Адрес e-mail:

Advanced Bioinformatics II

Vsevolod Yu.Makeev

Dr.Sci. (Phys.&Math.)

Vavilov Institute of General Genetics

Laboratory of System Biology and Computational Genetics

Information about course:

Recommended texts:

  1. R.Durbin, S.Eddy, A.Krogh, G.Mitcheson. Biological sequence analysis. Cambridge University Press, 1998 (2006 reprinting).
  2. M.Borodovsky, S.Ekisheva. Problems and solutions in biological sequence analysis, Cambridge University Press, 2006.
  3. D.Gusfield. Algorithms on Strings, Trees and Sequences — Computer Science and Computational Biology. Cambridge University Press, 1997.
  4. A.Apostolico, C.Guerra, S.Istrail, P.Pevzner, M.Waterman, RECOMB06, Proceedings of the Tenth Conference on Research in Computational Molecular Biology, Springer LNCS Vol.3909, Berlin, 2006.
  5. P.Baldi and S.Brunak, Bioinformatics: the Machine Learning Approach. MIT Press, 2001.
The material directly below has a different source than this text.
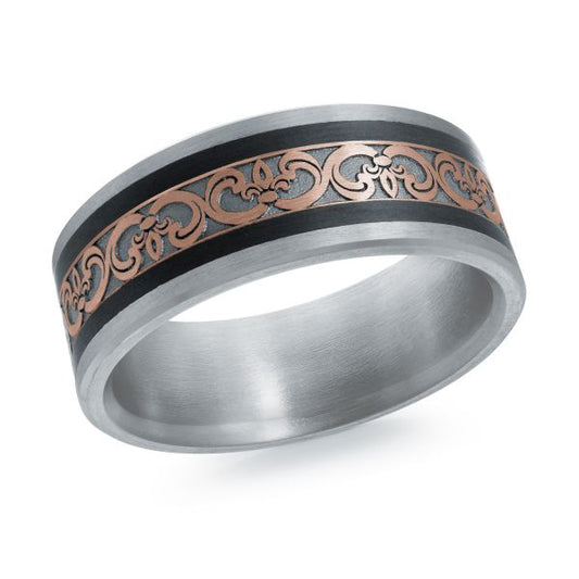 Malo 14K Carbon Fiber and Rose Gold Men's Wedding Band 8mm MRDA-043-8W

Recommended web site (to start with): bioinformatics .  

Bioinformatics is the field of science growing from the application of mathematics, statistics and information technology to the study and analysis of very large biological and particularly genetic data sets.

This course is devoted to study of mathematical models and computer algorithms used in DNA and protein sequence analysis. Students will implement simplified versions of the algorithms studied in the course as computer programs. Additionally, you will get experience in using sequence analysis tools available either locally or via Internet.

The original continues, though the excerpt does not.